EXERCISE: Your answer should be the complete data, copied exactly.

WORKING DATA:
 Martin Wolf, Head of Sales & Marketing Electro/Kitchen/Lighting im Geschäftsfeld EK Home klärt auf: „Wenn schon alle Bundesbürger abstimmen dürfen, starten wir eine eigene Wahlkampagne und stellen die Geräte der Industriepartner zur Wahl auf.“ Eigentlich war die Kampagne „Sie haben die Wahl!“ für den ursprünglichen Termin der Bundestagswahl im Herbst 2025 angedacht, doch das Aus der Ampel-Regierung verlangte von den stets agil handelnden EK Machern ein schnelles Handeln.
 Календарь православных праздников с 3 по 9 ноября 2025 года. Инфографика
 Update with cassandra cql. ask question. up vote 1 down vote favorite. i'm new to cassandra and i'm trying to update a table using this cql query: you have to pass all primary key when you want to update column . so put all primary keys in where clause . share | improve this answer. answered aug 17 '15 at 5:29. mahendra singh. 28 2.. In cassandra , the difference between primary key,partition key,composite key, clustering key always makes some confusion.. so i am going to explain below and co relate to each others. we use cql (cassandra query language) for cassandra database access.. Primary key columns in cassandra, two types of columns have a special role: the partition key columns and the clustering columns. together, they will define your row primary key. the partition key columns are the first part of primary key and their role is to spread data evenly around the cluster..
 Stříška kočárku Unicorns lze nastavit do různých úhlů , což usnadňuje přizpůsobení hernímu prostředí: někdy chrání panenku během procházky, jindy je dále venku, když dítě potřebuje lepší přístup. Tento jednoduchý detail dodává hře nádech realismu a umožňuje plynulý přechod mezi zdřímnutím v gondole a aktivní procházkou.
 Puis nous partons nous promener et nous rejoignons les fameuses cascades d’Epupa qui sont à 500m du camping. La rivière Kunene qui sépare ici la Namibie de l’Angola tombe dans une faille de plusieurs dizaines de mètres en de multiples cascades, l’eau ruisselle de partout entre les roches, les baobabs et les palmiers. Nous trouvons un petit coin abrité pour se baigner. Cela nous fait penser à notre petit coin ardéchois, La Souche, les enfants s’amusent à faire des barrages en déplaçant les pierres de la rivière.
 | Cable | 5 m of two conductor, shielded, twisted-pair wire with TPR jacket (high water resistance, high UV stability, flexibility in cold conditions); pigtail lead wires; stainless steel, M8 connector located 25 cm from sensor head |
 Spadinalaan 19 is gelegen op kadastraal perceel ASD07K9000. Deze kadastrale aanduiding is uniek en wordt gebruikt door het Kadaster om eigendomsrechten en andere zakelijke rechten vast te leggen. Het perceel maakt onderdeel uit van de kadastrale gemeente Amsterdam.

OUTPUT FOR THIS EXERCISE:
 Martin Wolf, Head of Sales & Marketing Electro/Kitchen/Lighting im Geschäftsfeld EK Home klärt auf: „Wenn schon alle Bundesbürger abstimmen dürfen, starten wir eine eigene Wahlkampagne und stellen die Geräte der Industriepartner zur Wahl auf.“ Eigentlich war die Kampagne „Sie haben die Wahl!“ für den ursprünglichen Termin der Bundestagswahl im Herbst 2025 angedacht, doch das Aus der Ampel-Regierung verlangte von den stets agil handelnden EK Machern ein schnelles Handeln.
 Календарь православных праздников с 3 по 9 ноября 2025 года. Инфографика
 Update with cassandra cql. ask question. up vote 1 down vote favorite. i'm new to cassandra and i'm trying to update a table using this cql query: you have to pass all primary key when you want to update column . so put all primary keys in where clause . share | improve this answer. answered aug 17 '15 at 5:29. mahendra singh. 28 2.. In cassandra , the difference between primary key,partition key,composite key, clustering key always makes some confusion.. so i am going to explain below and co relate to each others. we use cql (cassandra query language) for cassandra database access.. Primary key columns in cassandra, two types of columns have a special role: the partition key columns and the clustering columns. together, they will define your row primary key. the partition key columns are the first part of primary key and their role is to spread data evenly around the cluster..
 Stříška kočárku Unicorns lze nastavit do různých úhlů , což usnadňuje přizpůsobení hernímu prostředí: někdy chrání panenku během procházky, jindy je dále venku, když dítě potřebuje lepší přístup. Tento jednoduchý detail dodává hře nádech realismu a umožňuje plynulý přechod mezi zdřímnutím v gondole a aktivní procházkou.
 Puis nous partons nous promener et nous rejoignons les fameuses cascades d’Epupa qui sont à 500m du camping. La rivière Kunene qui sépare ici la Namibie de l’Angola tombe dans une faille de plusieurs dizaines de mètres en de multiples cascades, l’eau ruisselle de partout entre les roches, les baobabs et les palmiers. Nous trouvons un petit coin abrité pour se baigner. Cela nous fait penser à notre petit coin ardéchois, La Souche, les enfants s’amusent à faire des barrages en déplaçant les pierres de la rivière.
 | Cable | 5 m of two conductor, shielded, twisted-pair wire with TPR jacket (high water resistance, high UV stability, flexibility in cold conditions); pigtail lead wires; stainless steel, M8 connector located 25 cm from sensor head |
 Spadinalaan 19 is gelegen op kadastraal perceel ASD07K9000. Deze kadastrale aanduiding is uniek en wordt gebruikt door het Kadaster om eigendomsrechten en andere zakelijke rechten vast te leggen. Het perceel maakt onderdeel uit van de kadastrale gemeente Amsterdam.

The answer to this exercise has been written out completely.